Cell Structure, Metabolism and Life Cycle

Pseudoxanthomonas winnipegensis is gram-negative bacilli with a yellowish pigment. Additionally, research has found they are aerobes, oxidative and non-motile. The bacteria is susceptible to most antibiotics. In the laboratory, Pseudoxanthomonas winnipegensis isolates had 0.5 mm −1 mm, convex, yellowish-beige colonies when grown on agar. The colonies are medium-length, slightly curved and asporogenous. It is able to oxidize/assimilate glucose, lactose, sucrose, maltose and fructose.

Ecology and Pathogenesis

Pseudoxanthomonas winnipegensis obtained its name from Winnipeg Manitoba Canada, where the species strains were characterized. Pseudoxanthomonas winnipegensis grows at an optimal temperature of 35–37 °C in 5 % CO2. Cultures were found to have limited growth at 25 °C or 42 °C. The bacteria does grow aerobically, however does not grow anaerobically. Additionally, Pseudoxanthomonas winnipegensis is catalase positive and is able to oxidize glucose, lactose, sucrose, maltose, and fructose. New research found strains of this bacteria recovered from ear and throat samples from patients with cystic fibrosis, specifically from ear infections, dialysate and a sinus specimen. There is a lack of information on P. winnipegensis at the time due to the recency of its discovery, however similar Pseudoxanthomonas species found in rhizosphere soil possessed a broad spectrum of antimicrobial activity against pathogenic microorganisms.

References

[Bernard, K. A., Vachon, A., Pacheco, A. L., Burdz, T., Wiebe, D., Beniac, D. R., Hiebert, S. L., Booth, T., Doyle, D. A., Lawson, P., & Bernier, A. M. (2020). Pseudoxanthomonas winnipegensis sp. nov., derived from human clinical materials and recovered from cystic fibrosis and other patient types in Canada, and emendation of Pseudoxanthomonas spadix Young et al. 2007. International journal of systematic and evolutionary microbiology, 70(12), 6313–6322. https://doi.org/10.1099/ijsem.0.004533.]
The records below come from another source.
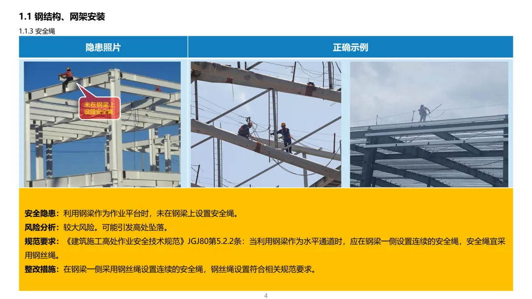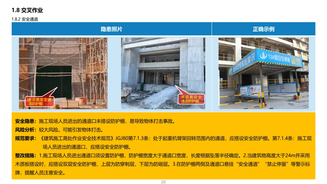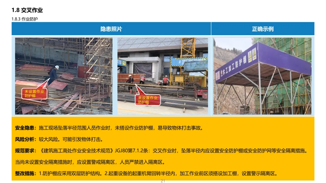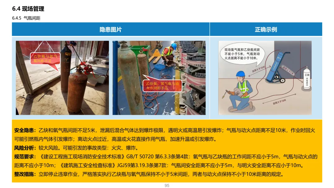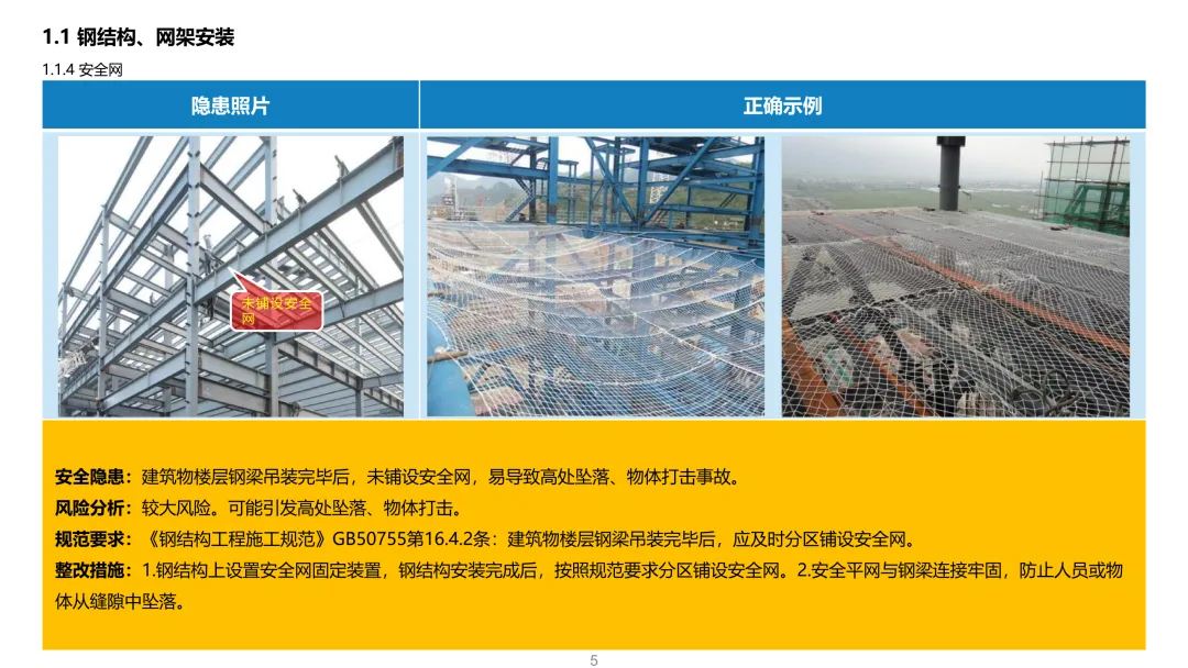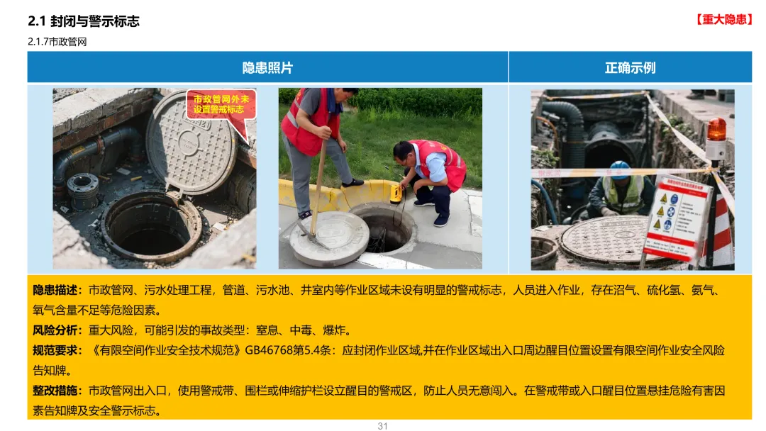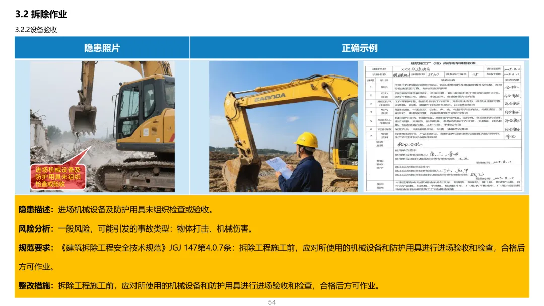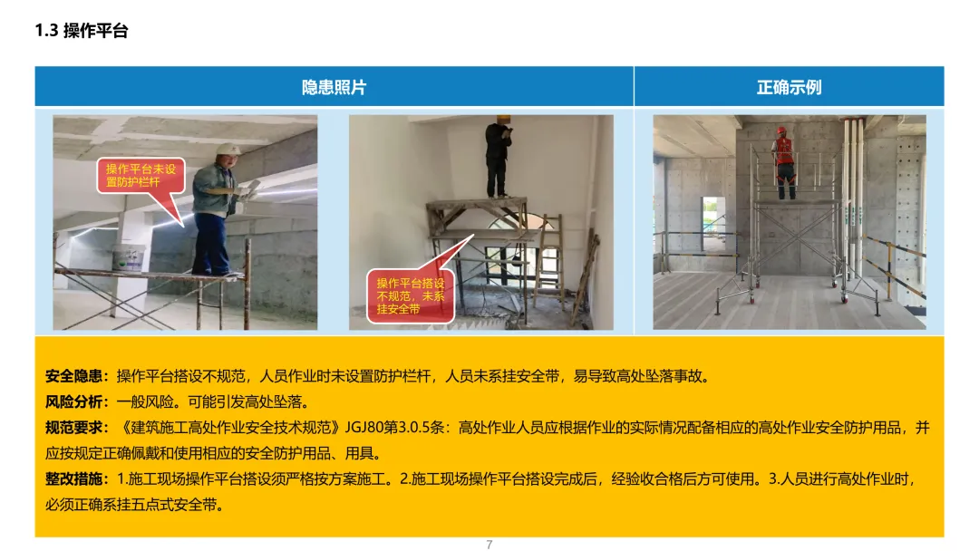 江苏省住建厅编制的“高处作业、有限空间、动火作业等6大高风险作业事故隐患辨识图集”系统梳理了高处作业、有限空间、拆除作业、临时堆载、冒险作业、动火作业六个关键环节中常见且易被忽视的安全隐患。通过高清实景图片、典型隐患示意图与规范条文对照,直观呈现隐患形态,明确违反的规范条款,剖析潜在风险与可能后果,并提供相应的正确做法示例。
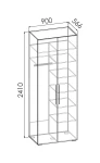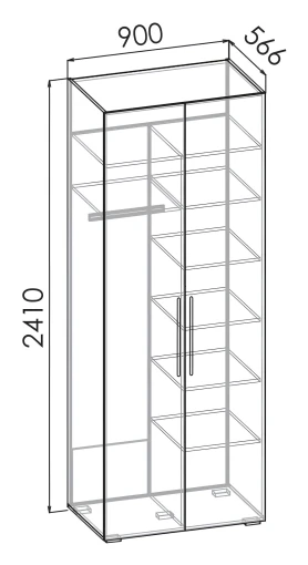 2 секции. В левой - 2 полки и штанга для вешалок, в правой - 6 полок
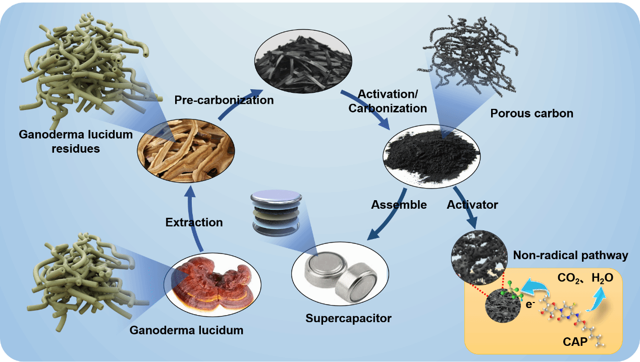 图1 灵芝药渣基多孔碳纳米管的制备及应用示意图
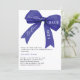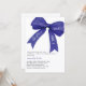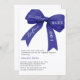 An elegant white background, decorated with large dark blue bow. Personalize and add a name and party details.
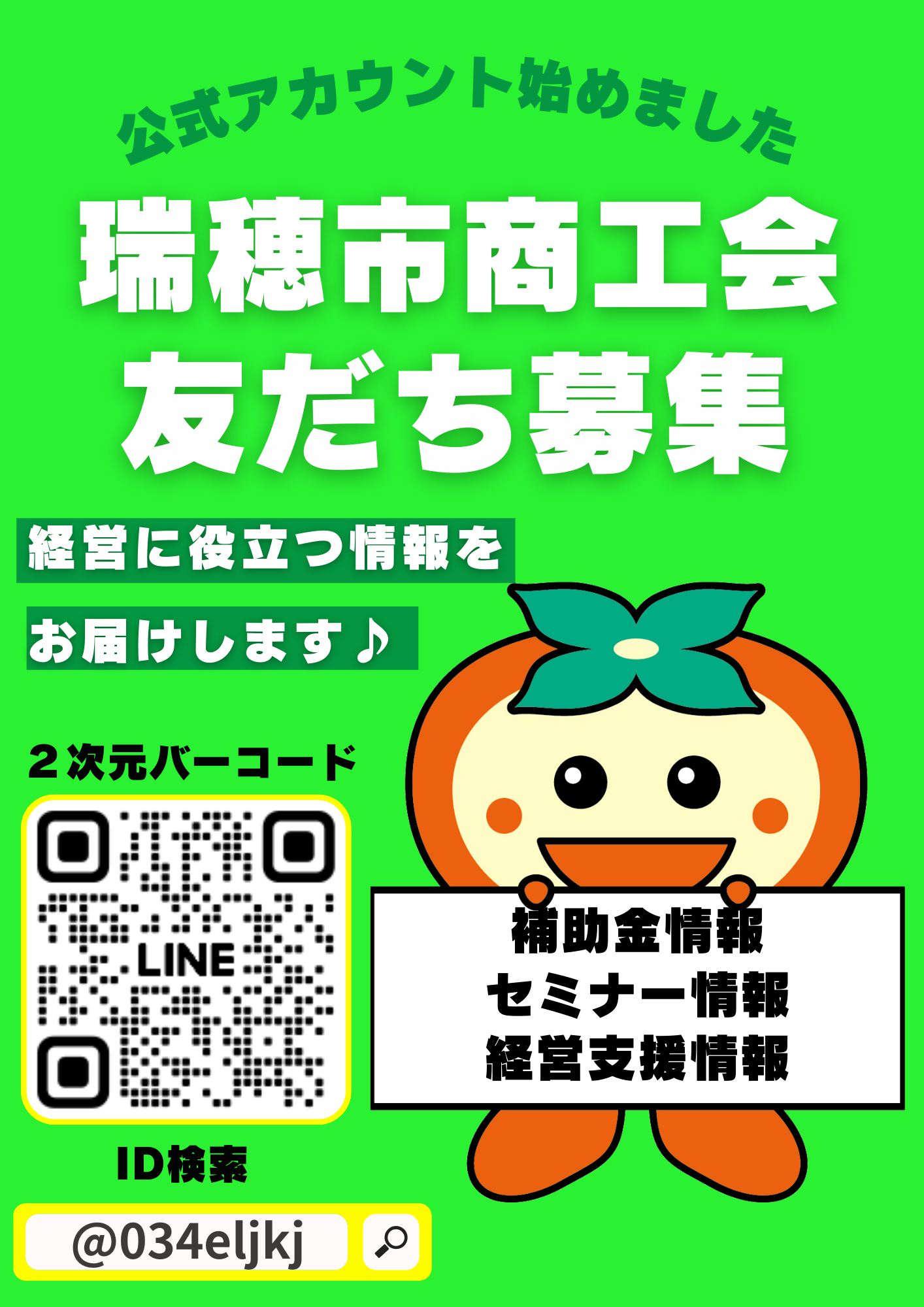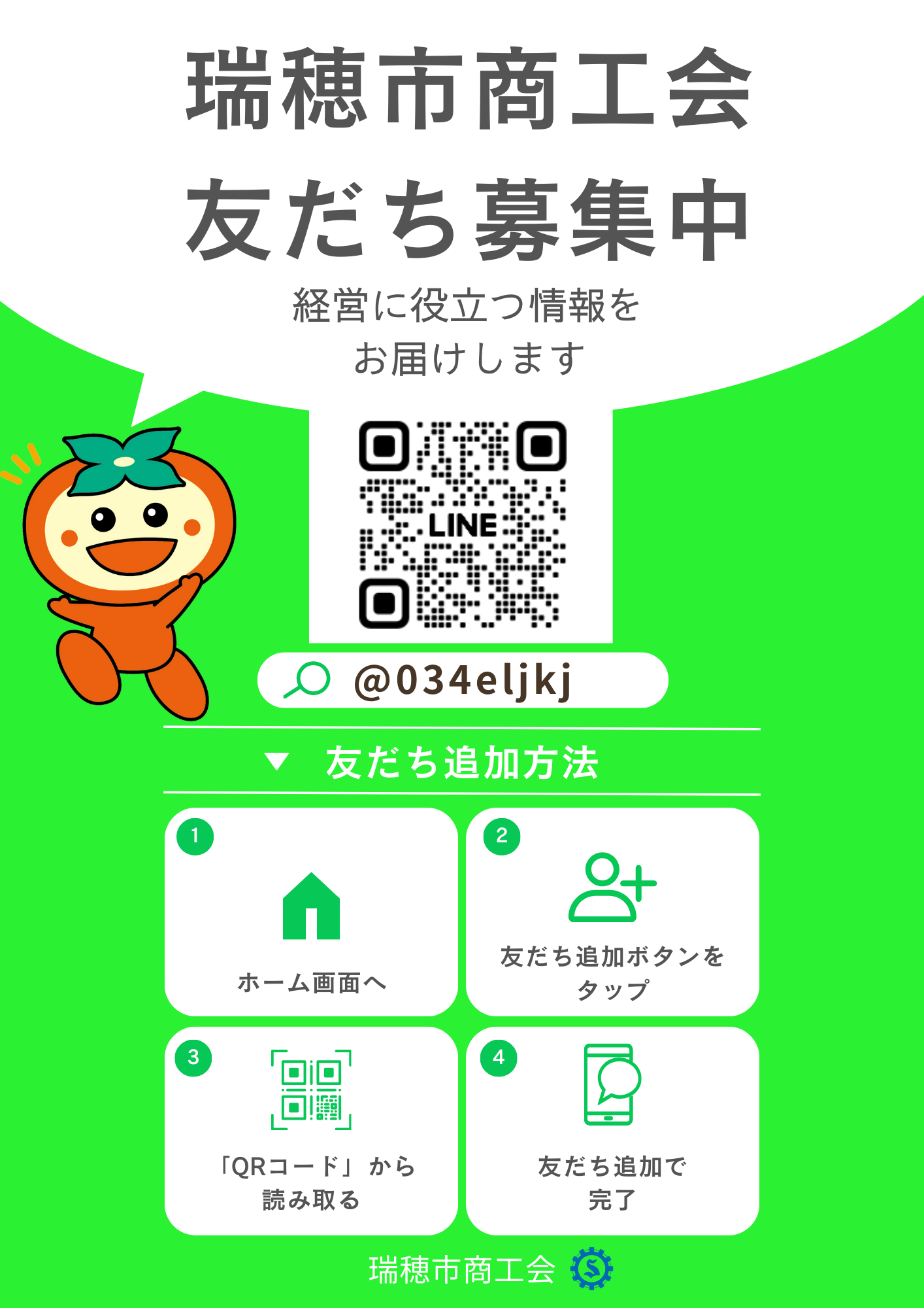 1.LINEを起動し、画面左下「ホーム」を選択 2.ホーム画面右上の「友だち追加」マークを選択 3.「検索」を選択し、「ID検索」となっていることを確認 4.文字を入力する画面になれば「@034eljkj」を入力 5.アカウント名「瑞穂市商工会」を確認 6.「追加」を選択し、友だち登録完了です。 |

[Nayaka, S. 2019. Isolation, characterization, and functional groups analysis of Pseudoxanthomonas indica RSA-23 from rhizosphere soil. Journal of Applied Pharmaceutical Science Vol. 9(11), pp 101-106. DOI: 10.7324/JAPS.2019.91113]

Author

Page authored by Bella Manfredi, student of Prof. Bradley Tolar at UNC Wilmington.